I recently changed my security settings on my Wi-Fi network from WPA to WPA2. I kept the network's name and password the same. However, the new settings prevent FreeBSD from connecting to the network. How do I fix this? Preferably, I'd like to have FreeBSD find the network and network settings automatically, so I'm not having to find network information and enter it manually.


----------



## SirDice (Dec 24, 2019)

Run wpa_supplicant(8) by hand with the `-d` option. That will give you lots of debug output and you can see why and where it's failing.


----------



## Scribner (Jan 7, 2020)

Thanks, SirDice. I'm a noob, so I need a little more help. Do I run `# wpa_supplicant -d` or `% wpa_supplicant -d` (note the command prompts for root and a regular user)? I also probably won't understand any of the output. Is there any way I can just forget the network and connect to the network again (with WPA2)? That might be easier for me.


----------



## SirDice (Jan 8, 2020)

Scribner said:


> Do I run  # wpa_supplicant -d or  % wpa_supplicant -d (note the command prompts for root and a regular user)?


It normally runs as a daemon in the background on the root account.
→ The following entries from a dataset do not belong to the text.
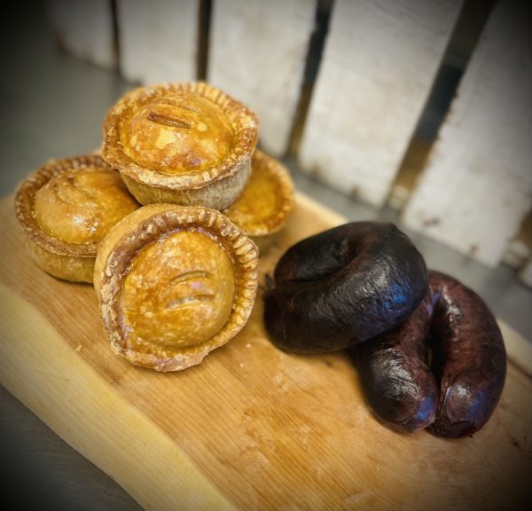 Black Pudding Pork Pie lovingly made at Craggies.  Delicious warm and cold.
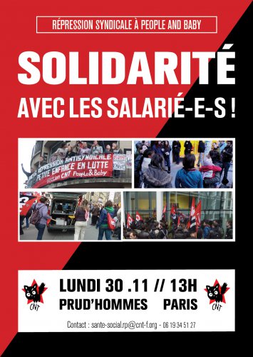 L’attitude de People & Baby n’est bien sûr et malheureusement pas un cas isolé. D’autres camarades sont frappés de plein fouet par la répression (Ecole Spéciale d’Architecture, Air France, La Poste, Tefal, Education nationale, ...) qui s’inscrit dans un contexte d’attaques généralisées de la part du gouvernement, main dans la main avec le patronat, contre le droit du travail (Accord National Interprofessionnel, Loi Macron entre autres).
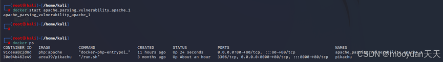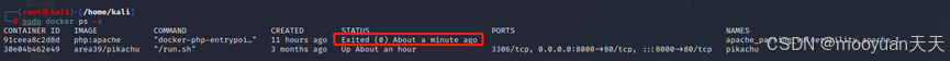 上一步重启apache服务后,靶机重启,此时docker状态为exited,如下所示
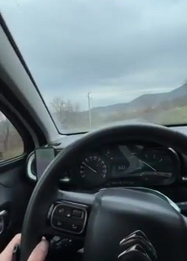 A video shows the view from inside a moving car, focusing on the driver's hands on the steering wheel and the dashboard
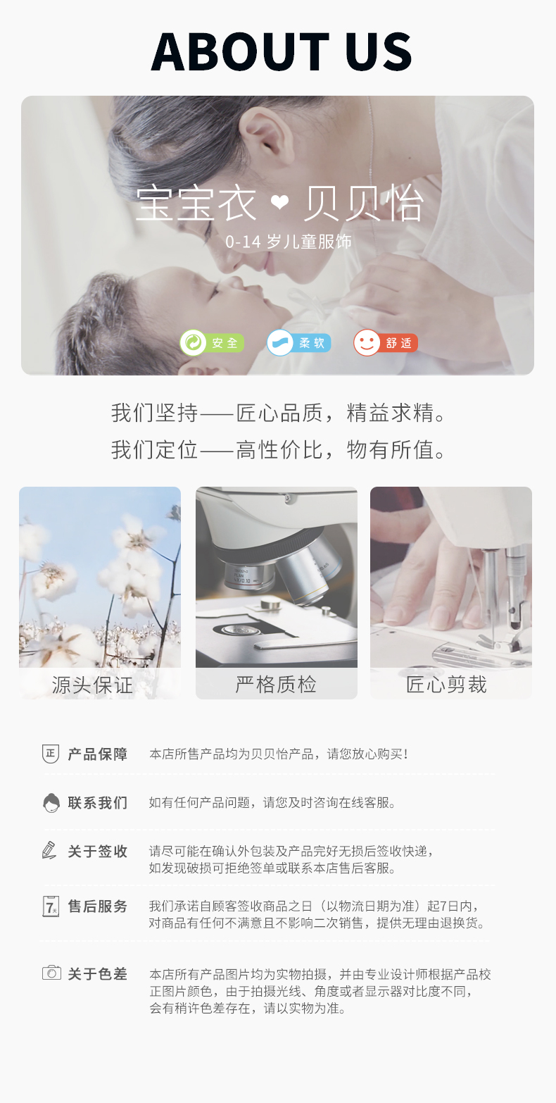 - 贝贝怡专注0-6岁婴幼儿服饰,坚持安全、柔软、舒适的产品理念,为千万中国家庭提供超高品质、安全可靠的婴幼儿服饰产品,妈妈放心,宝宝开心!
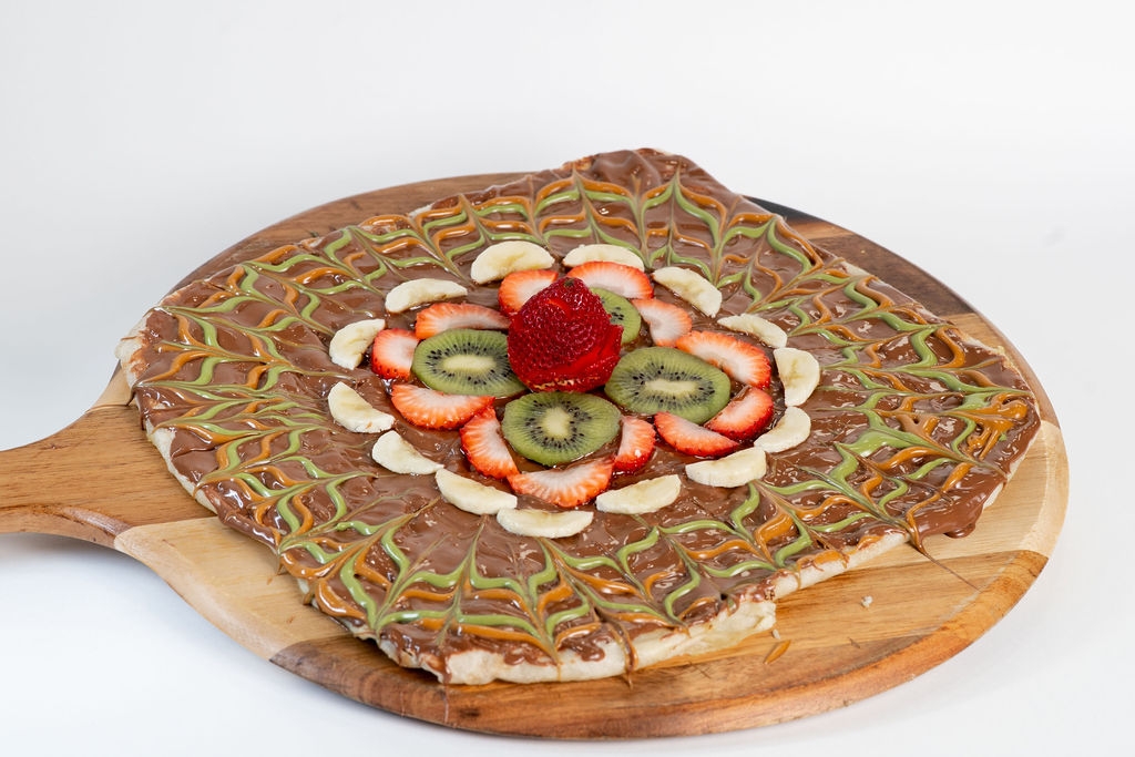 Authentic traditional layered dough like nothing you ever seen, crispy on the outside, soft on the inside, clay oven baked filled with Nutella & fruits
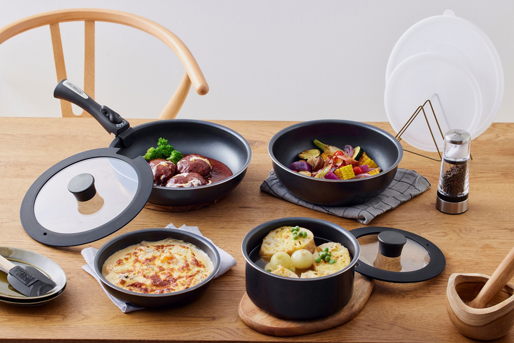 ダイヤモンドコーティングを使用したフライパン・なべのセットです。
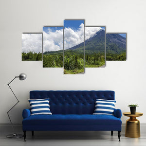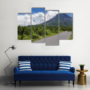 This canvas wall art beautifully captures the serene and grand Merapi Mountain, framed by lush green vegetation and fluffy white clouds. Its realistic portrayal invites a natural atmosphere to any space.
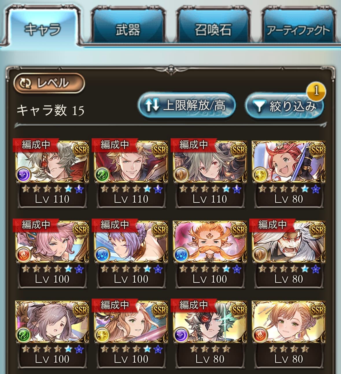 やっと全員上限解放できた!ヤッターーー 1回の古戦場でボックスガチャ4箱開けて飽きたりとか(40箱でだいたい一人分の素材)、普通にログイン忘れてたとかで えーーらい時間かかってしまった
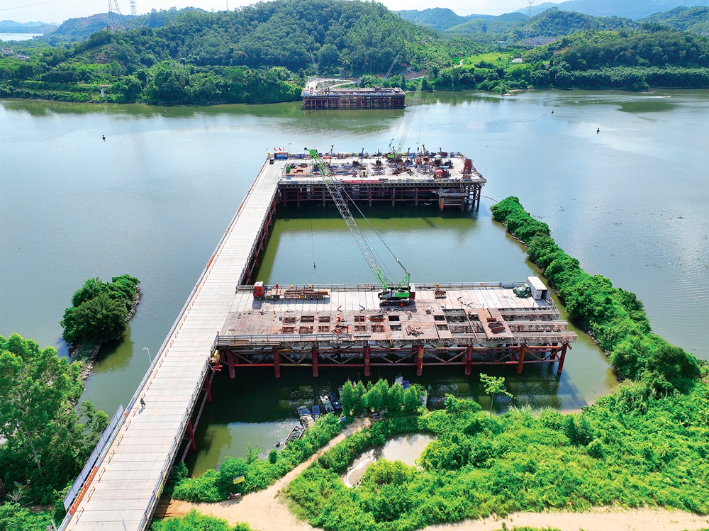 項(xiàng)目全長約65.459公里,總投資222.74億元(其中惠州段部分總投資195億元),先行工程已于2022年11月開工,目前各標(biāo)段項(xiàng)目駐地、拌合站、鋼筋加工廠已陸續(xù)投入使用,控制性工程東江特大橋主墩樁基已完成46根,3#主墩深水大體積承臺正在進(jìn)行圍堰施工,觀洞隧道正在進(jìn)行臨建及洞口工程施工。
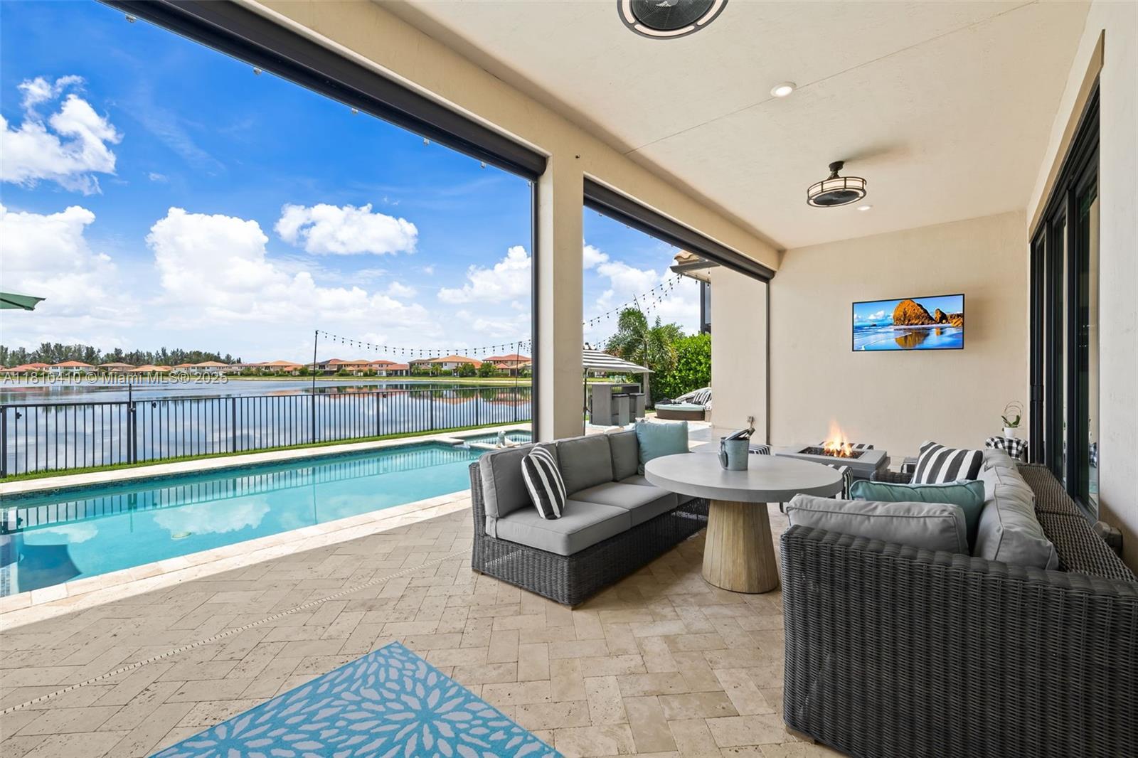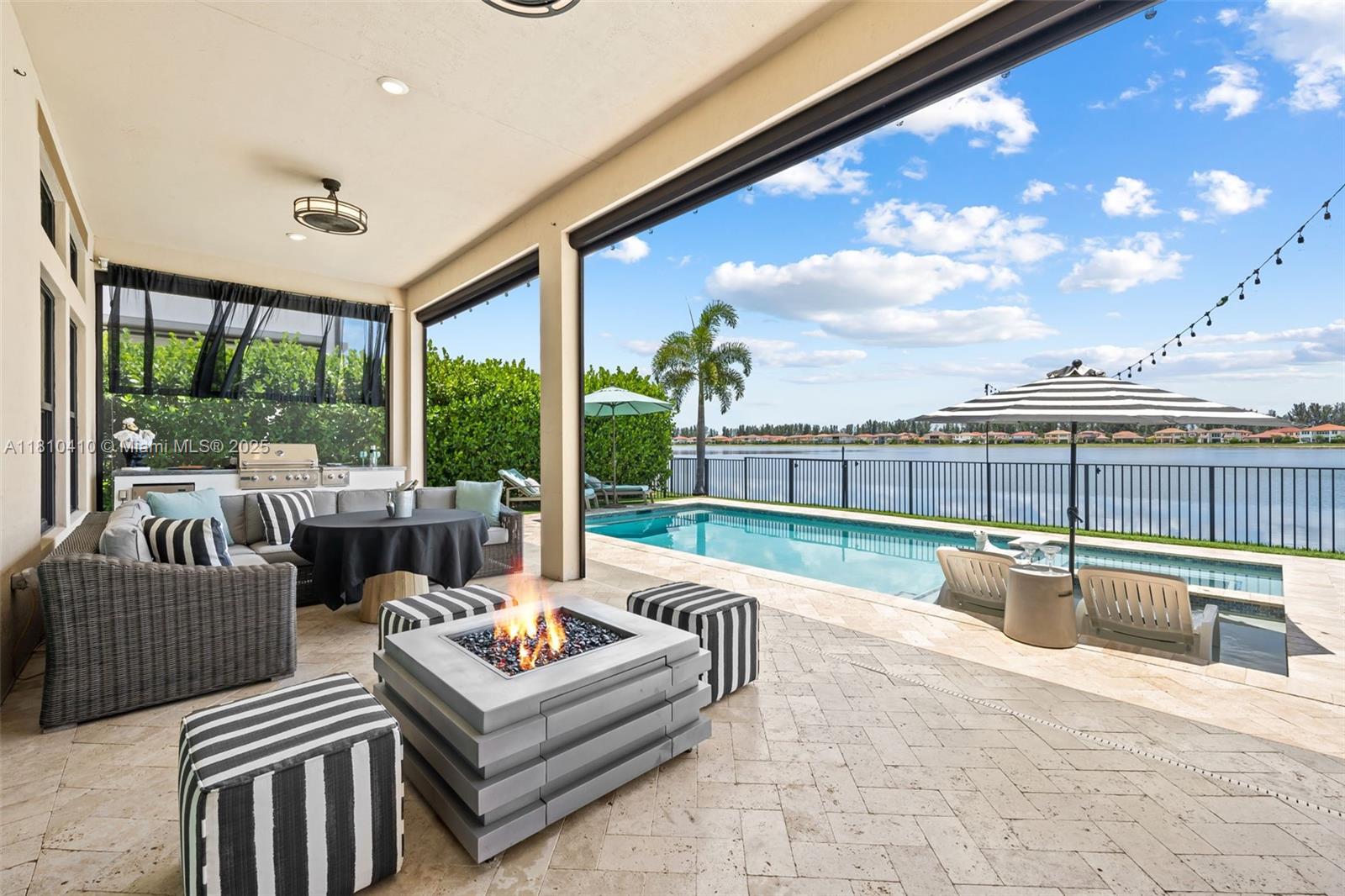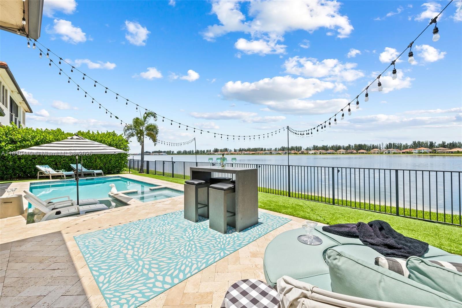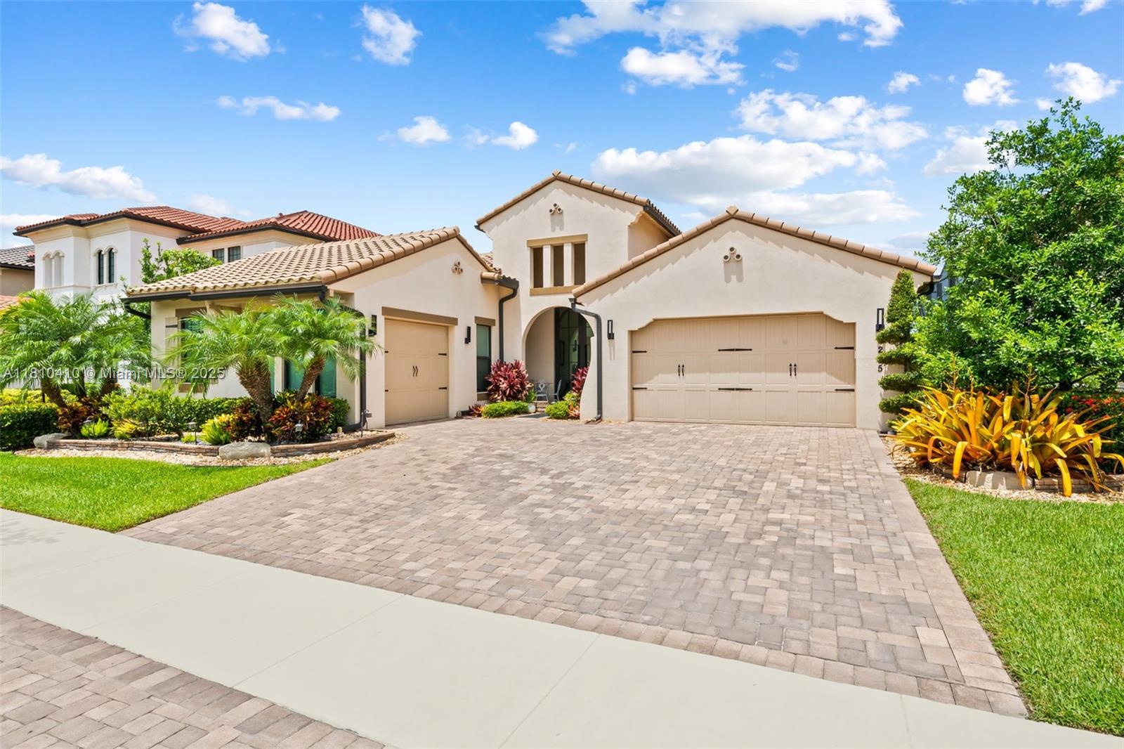 Discover refined elegance in this immaculate 4B/4B Catamaran model in Parkland Bay’s prestigious Waterfront Collection. Nestled on a 69’ lot along the coveted big lake with panoramic water views, this smart home dazzles with 12' ceilings, beautiful wood-look tile flooring, & a chef’s kitchen with quartz countertops, high-end appliances, & quality cabinetry. Smart home features include Alexa integration & Ring Alarm. IMPACT WINDOWS AND NEWER ROOF. Relax in your private saltwater pool with sunshelf & spa, expansive travertine deck, and lush turf yard. With spacious living areas and open-concept floor plan - this home is a true oasis. 3-car split garage with oversized pavered driveway is PERFECT FOR ENTERTAINING! Community Pool & Luxury Amenities! GREAT SCHOOLS. 24/7 guard-gated community.

So if you want to start it by hand you have to do this as root too.


----------



## Scribner (Mar 1, 2020)

I just tried the Internet on my FreeBSD computer (where I am typing this) for the first time in a couple months, and it works. Do you know why this would be, since I never changed my Wi-Fi password on this computer? Should I still run `# wpa_supplicant -d` on this computer? Is there anything else I should do, such as updating the Wi-Fi password?


----------